--- Aim of the task ---
Copy the lines below as they are; omit the images they contain.

--- Stored data ---
[Start of section]
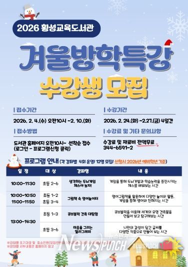 뉴스펀치 조평훈 기자 | 횡성교육도서관(관장 권정애)은 2월 4일부터 2월 10일까지 관내 초등학생을 대상으로 겨울방학 특강 수강생을 모집한다.
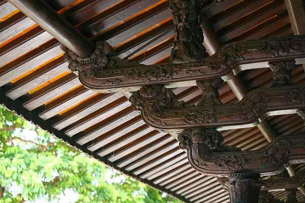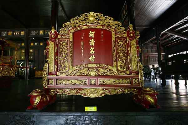 Công trình là một tòa nhà kép theo lối kiến trúc “trùng thiềm điệp ốc”, đặt trên một nền cao 1,1m, rộng 35,7x28m, vỉa ốp đá Thanh. Hệ thống bậc cấp dẫn lên thềm cũng làm bằng đá Thanh với thành bậc được trang trí rồng rất tinh xảo. Toàn bộ hệ kết cấu được làm bằng gỗ với 128 cột gỗ lim.
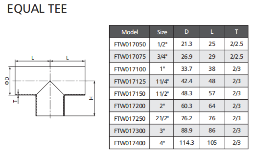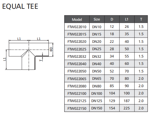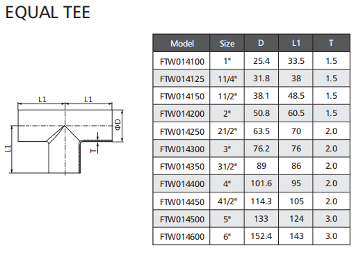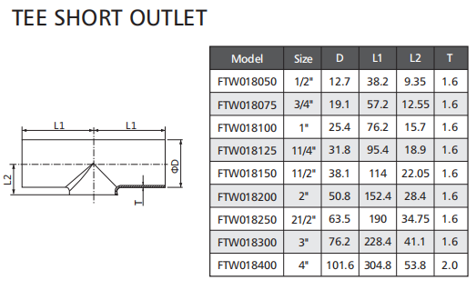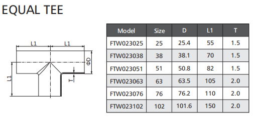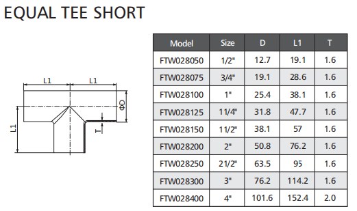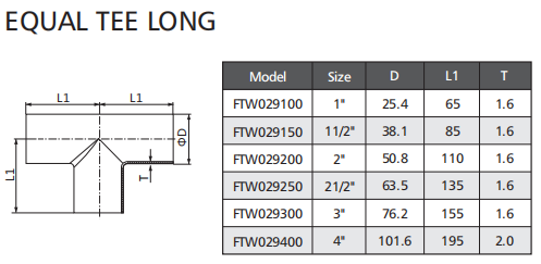 查询Weld Fittings are used on permanent installations where process piping and equipment can be cleaned in place (CIP) and removal from the system is not required. Weld Fittings are offered in nominal tube sizes 1/2˝ through 8˝ in T304 and T316L materials. Uniform wall thickness for 1/2˝ through 3˝ sizes measure .065 (16 ga). In 4˝ size, wall thickness measures. 083 (14 ga), 6˝ and 8˝ .109 (12 ga).
[End of section]
--- Answer for this exercise ---
 뉴스펀치 조평훈 기자 | 횡성교육도서관(관장 권정애)은 2월 4일부터 2월 10일까지 관내 초등학생을 대상으로 겨울방학 특강 수강생을 모집한다.
 Công trình là một tòa nhà kép theo lối kiến trúc “trùng thiềm điệp ốc”, đặt trên một nền cao 1,1m, rộng 35,7x28m, vỉa ốp đá Thanh. Hệ thống bậc cấp dẫn lên thềm cũng làm bằng đá Thanh với thành bậc được trang trí rồng rất tinh xảo. Toàn bộ hệ kết cấu được làm bằng gỗ với 128 cột gỗ lim.
 查询Weld Fittings are used on permanent installations where process piping and equipment can be cleaned in place (CIP) and removal from the system is not required. Weld Fittings are offered in nominal tube sizes 1/2˝ through 8˝ in T304 and T316L materials. Uniform wall thickness for 1/2˝ through 3˝ sizes measure .065 (16 ga). In 4˝ size, wall thickness measures. 083 (14 ga), 6˝ and 8˝ .109 (12 ga).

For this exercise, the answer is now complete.